Unnamed: 0,total_num_articles,country,Population mid-2018 (millions),proportion
5,1304.0,OCEANIA,41000000.0,0.00318
2,16076.0,EUROPE,746000000.0,0.002155
3,5380.0,LATIN AMERICA AND THE CARIBBEAN,649000000.0,0.000829
0,6735.0,AFRICA,1284000000.0,0.000525
1,12023.0,ASIA,4536000000.0,0.000265
4,16.0,NORTHERN AMERICA,365000000.0,4e-06


## 6. Geographic regions by coverage: Ranking of geographic regions (in descending order) in terms of the relative proportion of politician articles from countries in each region that are of GA and FA-quality

In [25]:
df_cp = deepcopy(df)
df_cp =df_cp[(df_cp['scores'] == 'FA') | (df_cp['scores'] == 'GA')]
df_cp = df_cp.groupby(['region']).count()[['revision_id']]
df_cp.reset_index(inplace=True)
high_quality = count_df.merge(df_cp, right_on='region',left_on= 'country', how = 'inner')
high_quality = high_quality.rename(columns={'revision_id':'top_quality_articles'})
high_quality = high_quality.fillna(0)
high_quality['top_quality_articles'] = high_quality['top_quality_articles'].astype(int)
high_quality['proportion'] = (high_quality['top_quality_articles']/high_quality['total_num_articles'])*100
high_quality.sort_values(by='proportion', ascending = False).head(10)[['region','proportion']]

Unnamed: 0,region,proportion
1,ASIA,2.536804
2,EUROPE,2.090072
4,OCEANIA,1.993865
0,AFRICA,1.826281
3,LATIN AMERICA AND THE CARIBBEAN,1.394052


## Conclusion

## What biases did you expect to find in the data (before you started working with it), and why?
* I expected countries with higher population to have more politician articles  as one would expect more articles to be written, however this turned out to be untrue.
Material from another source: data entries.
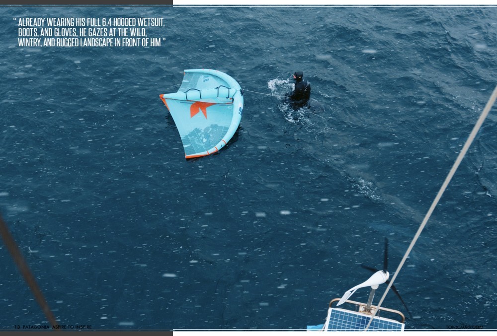 The monohull that has been carrying him and a handful of other people for the last two weeks is still moving as he finishes setting up his foiling equipment before jumping in the ice-cold water. Already wearing his full 6.4 hooded wetsuit, boots, and gloves, he gazes at the wild, wintry, and rugged landscape in front of him.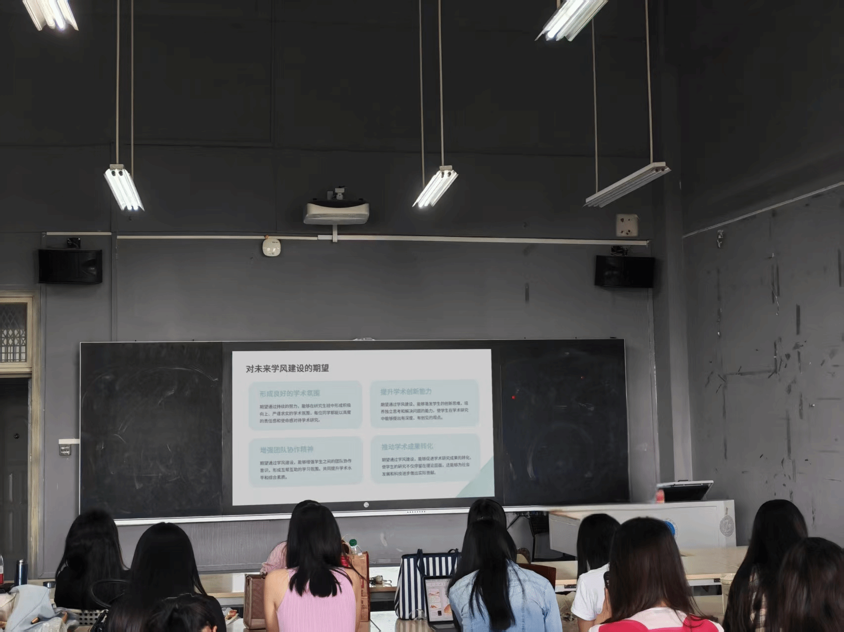 主题班会上,各班级邀请系主任、研究生辅导员等老师传达学院学风建设要求,强调学风重要性,并围绕课堂纪律、学习态度、考风考纪、学术诚信等方面展开讨论,形成问题清单,合力建立良好的班风和学风。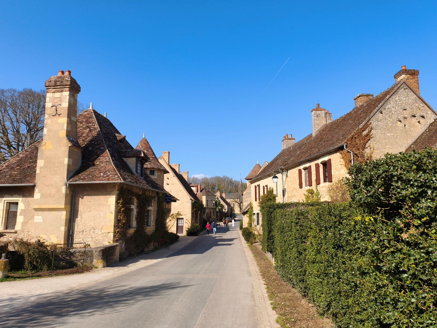 Das kleine Dorf Aprémont-sur Allier trägt zu Recht den Titel „eines der schönsten Dörfer Frankreichs“. Schmucke, gepflegte hellgraue Steinhäuser mit Dächern aus Ton oder Stein erinnern mich an die beschaulichen Dörfer in Cornwall. Nicht alles ist hier allerdings so alt wie es scheint: In der ersten Hälfte des 20. Jahrhunderts ließ der Hüttenmeister Eugène Schneider fast alle Häuser des Dorfes restaurieren oder gar abreißen und neu im mittelalterlichen Stil des Berry erbauen. So entstand die heute zu besichtigende, gelungene Einheit aus Dorf und Schloss.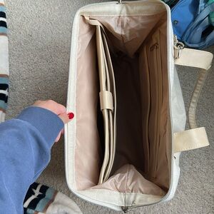 @care_ward Honestly it’s not that noticeable. I’m gonna add another photo above that I just took with flash but it’s faint!! It’s probably dirt from being under the plane seat (since it fits nicely under there)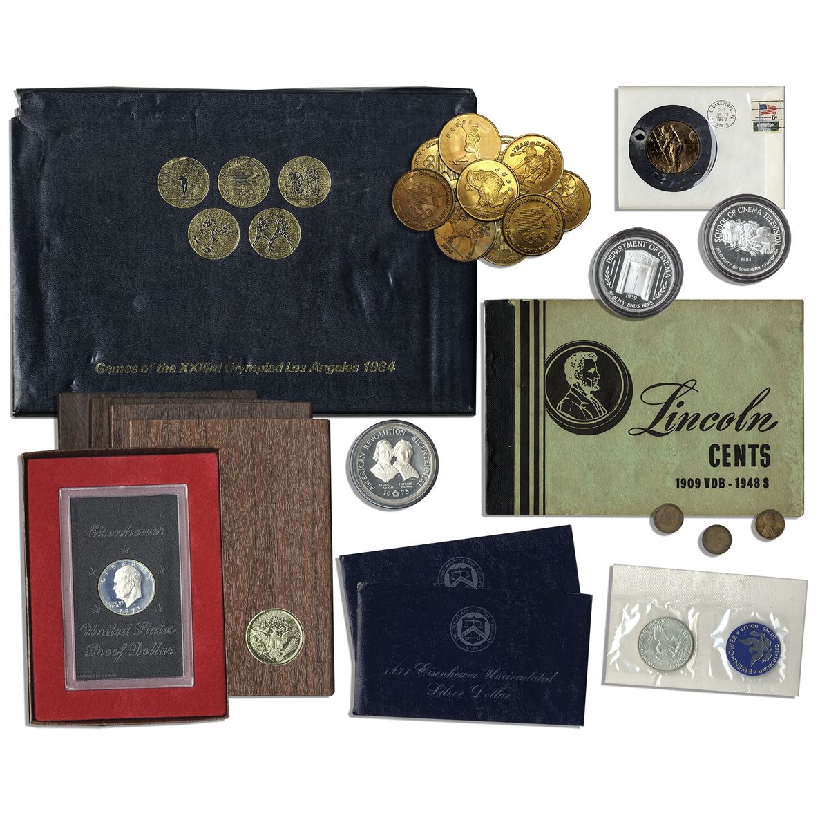 Ray Bradbury's personal coin collection. Nice assortment comprises: (1) an encapsulated 1973 American Revolution bicentennial commemorative sterling silver medal featuring busts of Samuel Adams and Patrick Henry in mint condition; (2) pair of encapsulated .999 fine silver coins from the USC School of Cinema-Television. Proof set is one of a limited edition of 250 sets, with coins weighing one troy ounce each. Mint; (3) pair of uncirculated silver Eisenhower dollar coins, each housed in a transparent sealed packet with a plastic COA medallion, COA card indicating 40% silver and original envelope from the Department of the Treasury; (4) Man-on-the-Moon medal by 99 Enterprises, originators of Certified Coins and Medals with serial number 09663, accompanied by a first day Moon Landing cover. Mint; (5) collection of 21 different transit tokens from the Games of the XXIII Olympics, held in Los Angeles in 1984. Each token features a different Olympic event as designed by N. Neil Haris: Archery, Baseball, Basketball, Boxing, Cycling, Equestrian, Fencing, Field Hockey, Gymnastics, Judo, Pentathlon, Rowing, Shooting, Soccer, Swimming, Team Handball, Track & Field, Volleyball, Weight Lifting, Wrestling, and Yachting. Minted in alloy metal by the Southern California Rapid Transit District (SCRTD). Bradbury has amassed 21 of the 24 different designs. Some tarnishing and scratching from use; (6) collection of 5 Eisenhower proof dollars, each housed in its original faux-wood paper case with gilt Presidential seal. Mint; (7) book of Lincoln cents, labeled 1909 VDB-1948 S. Filled with 25 different cents. With a COA from the Ray Bradbury estate.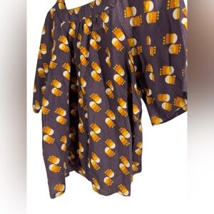 This boho blouse features a bold, graphic geometric vintage inspired brown pattern hand printed on 100% cotton, and tiny hand embroidered details dotting the front shapes. With a pretty square neckline and subtle bell sleeves, this top has a fit that's relaxed but flattering. Pair with denim for a casual look, or dress up with jewelry and your favorite sleek pants for a one-of-a-kind look.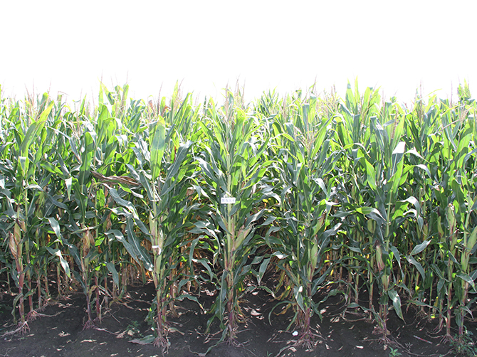 特征特性:普通玉米品种。在适应区出苗至成熟生育日数为125天左右,需≥10℃活动积温2700℃左右。幼苗期第一叶鞘绿色,叶片绿色,茎绿色。雄穗一级分枝5~8个,颖壳绿色,花丝浅紫色,花药浅紫色。株高237厘米,穗位高91厘米,成株可见19片叶。果穗筒型,穗轴红色,穗长18.7厘米,穗粗4.9厘米,穗行数14~16行,籽粒马齿型、粒色黄色,百粒重33.6克。两年品质分析结果:容重763~775克/升,粗蛋白10.18%~10.46%,粗脂肪4.24%~4.68%,粗淀粉73.42%~73.7%。抗病接种鉴定结果:中抗大斑病,抗丝黑穗病,抗茎腐病,抗镰孢穗腐病。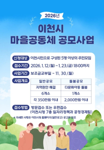 [뉴스스텝] 이천시는 주민이 직접 제안하고 실행하는 공동체 활동을 지원하기 위해 ‘2026년 이천시 마을공동체 공모사업’ 참여 공동체를 모집한다고 밝혔다.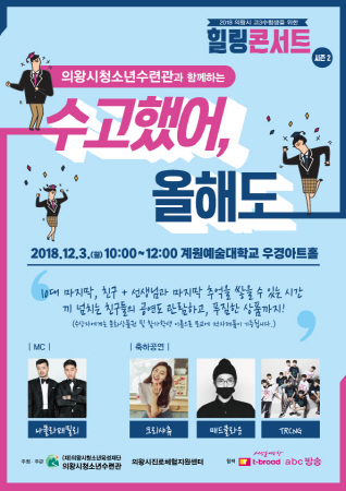 이번 콘서트에서는 관내 고등학교 학생들이 끼와 열정을 마음껏 펼칠 수 있는 학교대항 재능 콘테스트를 시작으로 선생님, 친구들의 영상메시지와 관내 고등학교 3학년 친구들의 사진으로 만든 뮤직비디오를 상영할 예정이다. 또한‘나몰라패밀리’가 MC로 나서고 축하공연으로 ‘크리샤츄’,‘매드클라운’,‘TRCNG’등 인기가수들이 참여해 멋진 음악으로 콘서트의 대미를 장식할 예정이다.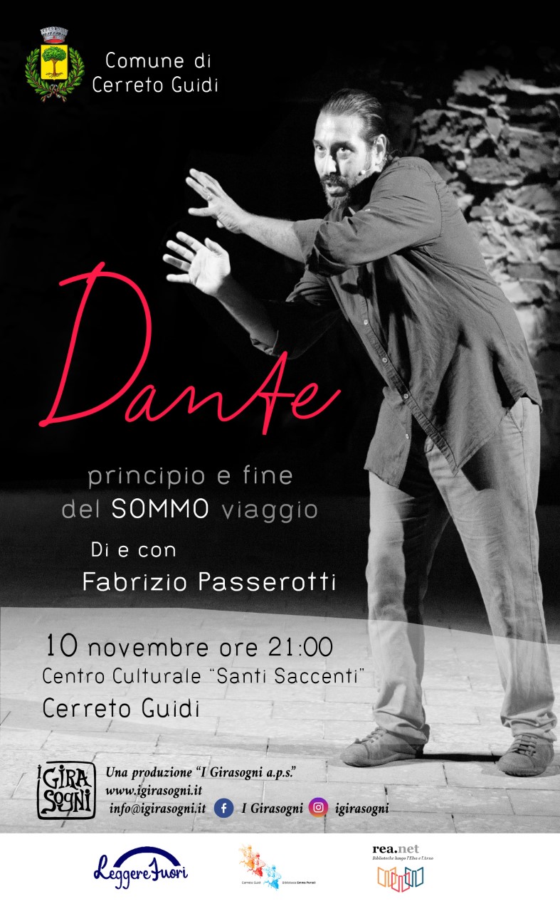 Inclusa nella rassegna ‘Leggere Fuori’, Giovedì 10 Novembre alle ore 21,00 al Centro Culturale “Santi Saccenti”, a Cerreto Guidi, è in programma “Dante: Principio e fine del sommo viaggio” di e con Fabrizio Passerotti. L’iniziativa, una produzione “I Girasogni a.p.s”, è organizzata dal Comune di Cerreto Guidi e dalla Biblioteca comunale “Emma Perodi”, in collaborazione con REA.net.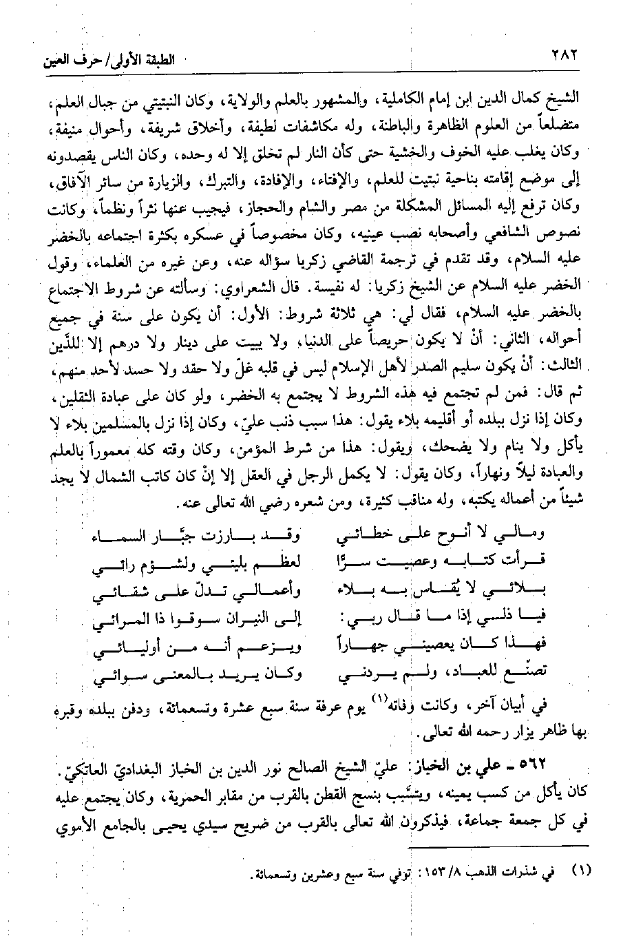 562 - علي بن الخباز: علي الشيخ الصالح نور الدين بن الخباز البغدادي العاتكي. كان يأكل من كسب يمينه، ويتسبب بنسج القطن بالقرب من مقابر الحمرية، وكان يجتمع عليه في كل جمعة جماعة، فيذكرون الله تعالى بالقرب من ضريح سيدي يحيى بالجامع الأموي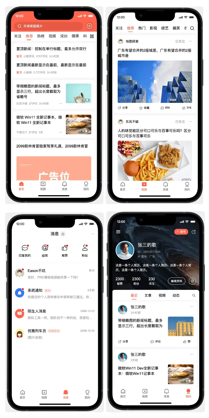 我大概分了四个模块,首页资讯模块,视频模块,消息模块和我的模块,最终的效果呈现,目前找了一个资讯App原型,大致如下,最后呈现的效果也尽量贴近原型设计。

I also expected democratic countries to have more number of highly rated articles because freedom of speech is a fundamental right in such a country and one would expect to see many articles.
## What (potential) sources of bias did you discover in the course of your data processing and analysis?
* The ORES model only considers english wikipedia. This analysis is therefore not representative of all the wiki-pages about politicians. Inclusion of non-english wikipedia could significantly alter the results in my opinion.
## Can you think of a realistic data science research situation where using these data (to train a model, perform a hypothesis-driven research, or make business decisions) might create biased or misleading results, due to the inherent gaps and limitations of the data?
* These results are not holistic insights due to the initial subsetting of data.
* The results are not normalized to the country population
* A scenario where this data is used to see the correlation in number of articles written about politician, country-wise and the educated population of the country, could be biased and misleading. 

## Main Takeaway
I often find myself complaining about the lack of good documentation for various research-implementations/softwares. I have realized that it is absolutely difficult to document your flow of thoughts and the logic into plain simple words to the reader. I have started to judge documenation very differently and appreciate the details present in them as well.